[TASK]
For this exercise, output the entries below exactly from the line that holds "The stupas of" to the line that holds "图2 采用不同混合比空穴传输", both ends included. No pictures belong in the copy.

[TASK INPUTS]
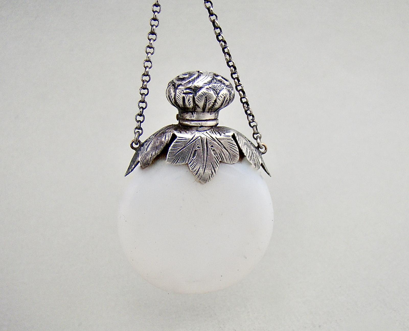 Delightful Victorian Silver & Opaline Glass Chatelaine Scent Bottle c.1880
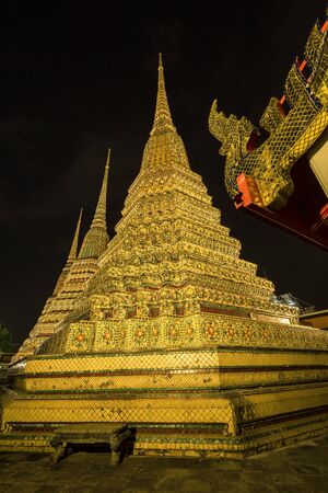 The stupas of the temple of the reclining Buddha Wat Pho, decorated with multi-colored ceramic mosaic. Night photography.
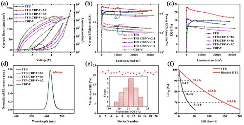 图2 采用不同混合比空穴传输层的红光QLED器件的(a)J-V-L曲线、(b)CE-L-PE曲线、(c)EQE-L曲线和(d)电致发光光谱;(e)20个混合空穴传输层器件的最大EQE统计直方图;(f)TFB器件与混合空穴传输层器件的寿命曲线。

==

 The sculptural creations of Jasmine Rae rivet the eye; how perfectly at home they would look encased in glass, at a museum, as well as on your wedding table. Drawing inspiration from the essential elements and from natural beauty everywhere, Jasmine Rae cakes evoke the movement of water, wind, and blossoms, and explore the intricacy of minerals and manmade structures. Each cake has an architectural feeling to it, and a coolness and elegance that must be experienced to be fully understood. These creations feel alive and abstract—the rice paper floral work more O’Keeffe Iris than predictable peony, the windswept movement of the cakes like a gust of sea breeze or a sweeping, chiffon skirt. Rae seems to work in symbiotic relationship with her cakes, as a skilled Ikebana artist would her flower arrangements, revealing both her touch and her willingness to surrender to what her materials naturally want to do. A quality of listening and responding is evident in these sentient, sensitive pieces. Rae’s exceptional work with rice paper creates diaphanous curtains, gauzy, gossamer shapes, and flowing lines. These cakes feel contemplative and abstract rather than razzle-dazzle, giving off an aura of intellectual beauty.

--

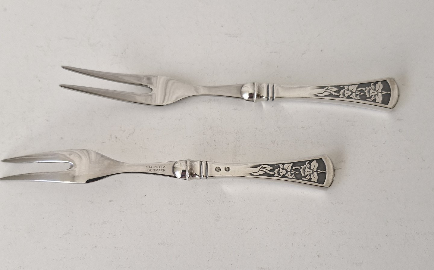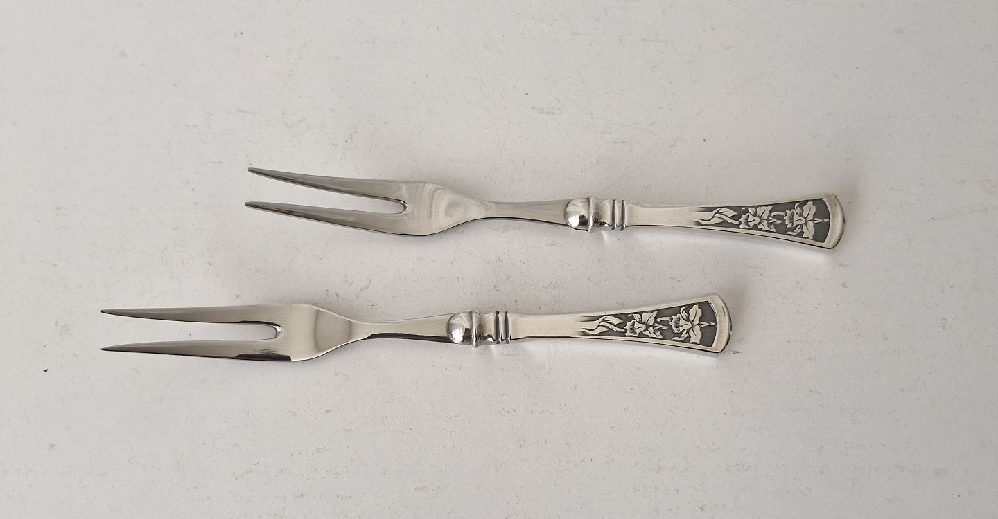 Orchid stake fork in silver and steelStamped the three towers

[YOUR SOLUTION]
 The stupas of the temple of the reclining Buddha Wat Pho, decorated with multi-colored ceramic mosaic. Night photography.
 图2 采用不同混合比空穴传输层的红光QLED器件的(a)J-V-L曲线、(b)CE-L-PE曲线、(c)EQE-L曲线和(d)电致发光光谱;(e)20个混合空穴传输层器件的最大EQE统计直方图;(f)TFB器件与混合空穴传输层器件的寿命曲线。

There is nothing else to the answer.